In other times and places, exocannibalism has been used as a way to both terrorize an enemy and feed the hungry. In the 1960s, anthropologist Pierre Clastres lived with the Ache of Paraguay and claimed that one of the four groups that he studied ate their enemies. Similar claims have been made about the Tupinambá of eastern Brazil, most famously by Hans Stadin, a 16th century German shipwrecked while serving as a seaman on a Portuguese ship. In his 1557 book, True Story and Description of a Country of Wild, Naked, Grim, Man-eating People in the New World, America, Stadin, who reportedly spent a year in captivity before escaping, described raids in which the Tupinambá killed and ate everyone they captured (except, apparently, him).
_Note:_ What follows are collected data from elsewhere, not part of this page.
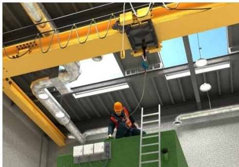
Bild 1: Beispiel einer bestimmten Arbeitssituation Reparatur am Kopf einer Hydraulikpresse

Krane sind grundsätzlich nicht für die Personensicherung gegen Absturz vorgesehen. Unter besonderen Voraussetzungen und strikter Einhaltung der spezifischen Sicherungsmassnahmen kann dies dennoch in bestimmten Arbeitssituationen in Betracht gezogen werden.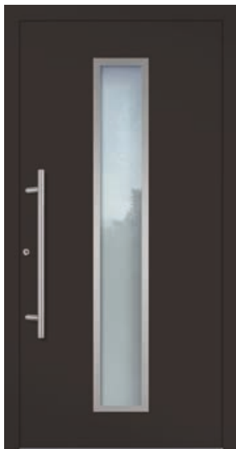
U d -Wert 0,80 1)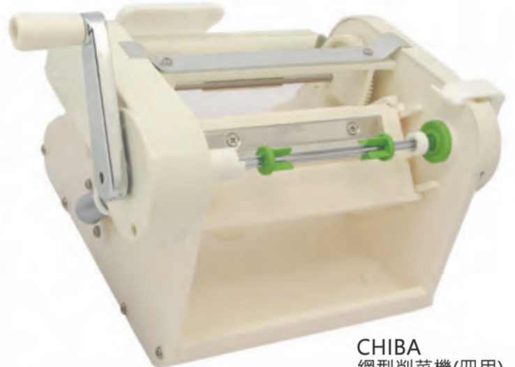
CHIBA 網型削菜機(四用) 24.5x23x17cm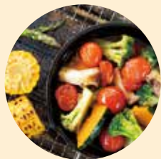
還能租借烤肉組。在森林中享用美食肯定好吃得格外令人難忘!

縣民之森內的露營場占地寬廣，能夠設置超過100張露營帳篷。除了完備的野炊場、廁所、淋浴間等設施，也提供帳棚、桌子等露營用品租借，讓訪客輕輕鬆鬆就能前來露營。在森林圍繞下的地點令人感到舒適，晚上更能仰望滿天星空。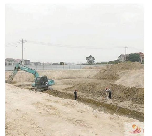
鑫瑞科技新型功能材料產業鏈項目現場。

今年，仙游繼續圍繞“東拓南進西擴北興中修”城市發展戰略，堅持城鄉統籌、新城建設與舊城更新并重，突出中心城區與濱海新城“雙城聯動”。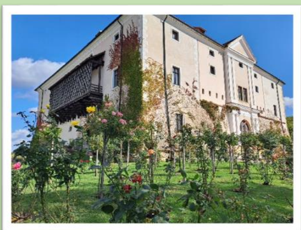
Ozorai Pipó vára

Elköszönve Kaposvártól Ozora felé vettük az irányt, ahol kellemes tárlatvezetéssel megcsodálhattuk Ozorai Pipó pazarul berendezett várát.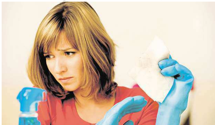
Zbavovat se alergenů je potřeba průběžně a svědomitě.

Vysávání prachu a omývání povrchů vhodným čisticím a dezinfekčním prostředkem zajistíme větší komfort. K vhodným přípravkům patří například řada Savo bez chloru, která pomáhá odstraňovat alergenů pylu, prachu a těch, které pocházejí od domácích zvířat.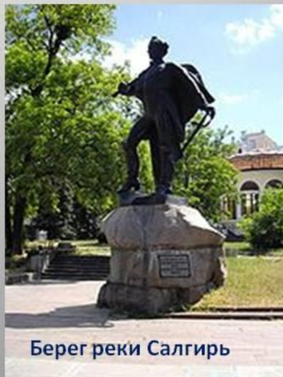
Берег реки Салгирь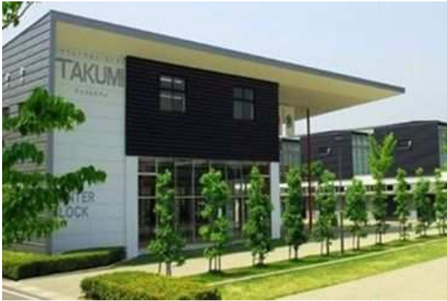
岐阜県立国際たくみアカデミー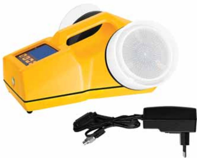
Модель ТРИО БАС ДУО с проводной подзарядкой

Рекомендуется для организаций, которые осуществляют большое количество отбора проб на разные питательные среды или с контрольной чашкой Петри.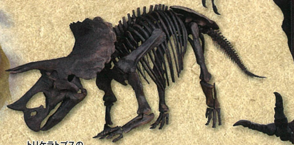
トリケラトプスの全身骨格(複製)

空間演出のクリエイティブカンパニー NAKED, INC. 初の大型恐竜コンテンツ!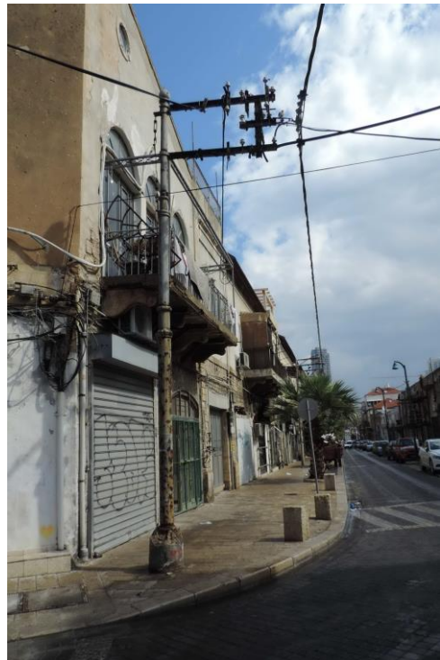
העמוד ברחוב דוד רזיאל פינת רטוש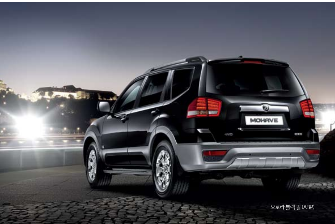
오로라 블랙 펄 (ABP)

외적인 강인함만큼이나 업그레이드 된 새로움, 깊이가 다른 정교함까지 더해져 더 모하비다운 모하비가 되다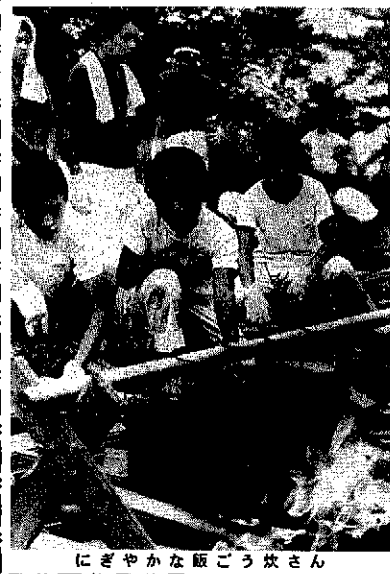
にぎやかな飯ごう炊さん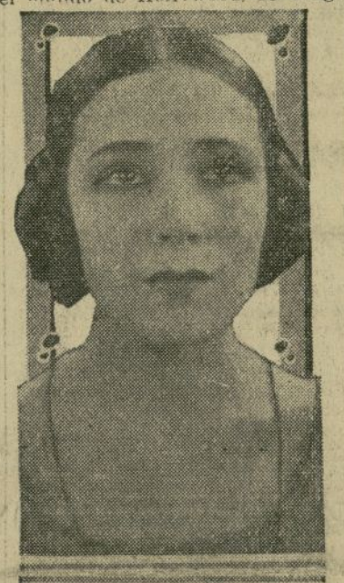
Dolores del Río

LOS ANGELES, abril 20.—Dolores del Río, la famosa estrella cinematográfica mejicana que tan rápidamente se ha elevado a la cima del mundo de Hollywood, se dirige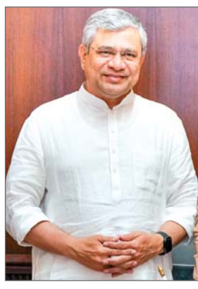
भी कहा कि इस साल रेलवे स्कोप-1 नेट जीरो के लक्ष्य को प्राप्त कर लेगा जो बहुत बड़ा लक्ष्य है। वहीं दूसरी ओर रेल मंत्री अश्विनी वैष्णव ने रेलवे में रोजगार और रेल भर्ती परीक्षाओं को लेकर विपक्ष की चिंताओं को खारिज करते हुए मंगलवार को लोकसभा में कहा कि पिछले एक दशक में रेलवे में पांच लाख रोजगार दिए गए हैं और इसमें आरक्षण के सभी नियमों का पालन किया गया है। रेल मंत्रालय के नियंत्रणाधीन अनुदान मांगों पर निर्यात सदन में हुई चर्चा पर जवाब देते हुए वैष्णव ने कहा कि प्रधानमंत्री मोदी की सरकार ने रेलवे में पांच लाख लोगों को रोजगार दिया गया है और आज भी एक लाख लोगों के लिए रेलवे में भर्ती की प्रक्रिया जारी है। उन्होंने दावा किया कि देश में रेल भर्ती की परीक्षाएं बिना किसी पेपर लीक एवं अन्य व्यवधान के संपन्न कराई जा रही हैं।

एजेंसी नयी दिल्ली। रेल मंत्री अश्विनी वैष्णव ने मंगलवार को लोकसभा में कहा कि आज भारत रेल कोच का बड़ा निर्यातक बनकर उभरा है और बिहार के मटौरा स्थित रेल कारखाने में तैयार होने वाले लोकोमोटिव बहुत दुनिया भर में जाएंगे। वर्ष 2025-26 के लिए रेल मंत्रालय के नियंत्रणाधीन अनुदान मांगों पर लोकसभा में हुई चर्चा का जवाब देते हुए वैष्णव ने कहा, आज भारत रेलवे का बड़ा निर्यातक बनकर उभरा है। आज भारत में उत्पादित मेट्रो कोच का निर्यात ऑस्ट्रेलिया को किया जा रहा है। उन्होंने कहा कि सऊदी अरब और फ्रांस समेत अनेक देशों में ट्रेनों की बोगियों और उपकरणों का निर्यात किया जा रहा है। रेल मंत्री के जवाब के बाद सदन ने विपक्ष सदस्यों के कुछ कटौती प्रस्तावों को खारिज करते हुए रेल मंत्रालय की अनुदान मांगों को ध्वनिमत से पारित कर दिया। वैष्णव ने कहा कि बिहार में सारण के मटौरा में स्थित रेल कारखाने में तैयार किए जा रहे लोकोमोटिव या रेल इंजन का निर्यात दुनिया भर में किया जाएगा। उन्होंने कहा कि तमिलनाडु में बनने वाले रेलगाड़ियों के पहिए सारी दुनिया में निर्यात किए जाएंगे। वैष्णव ने कहा, हम सभी के लिए यह गौरव की बात है। यह प्रधानमंत्री नरेन्द्र मोदी के मेक इन इंडिया का बड़ा प्रमाण है। उन्होंने यह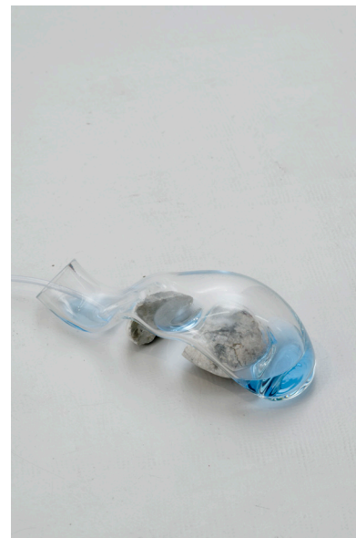
Paulo Arraiano, Coming From Water , 2019 (détail) Verre, corail, eau, pigment, tube de silicone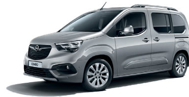
Quartz Grey (G4I)

In the Pacific Theater during World War II, Allied prisoners of war described numerous instances in which their Japanese captors tortured and then ate their prisoners. Presumably with their supply routes interrupted by Allied submarines and bombing raids, the Japanese were on such short rations that they resorted to cannibalism. In postwar tribunals, survivors testified that their captors acted systematically, selecting one individual each day and hacking off limbs and flesh while they were alive and conscious. American soldiers also became even more insistent about removing the bodies of their fallen comrades from the battlefield after it was discovered that the Japanese sometimes sliced off pieces of the dead with bayonets—a gory ritual some Americans began to practice as well.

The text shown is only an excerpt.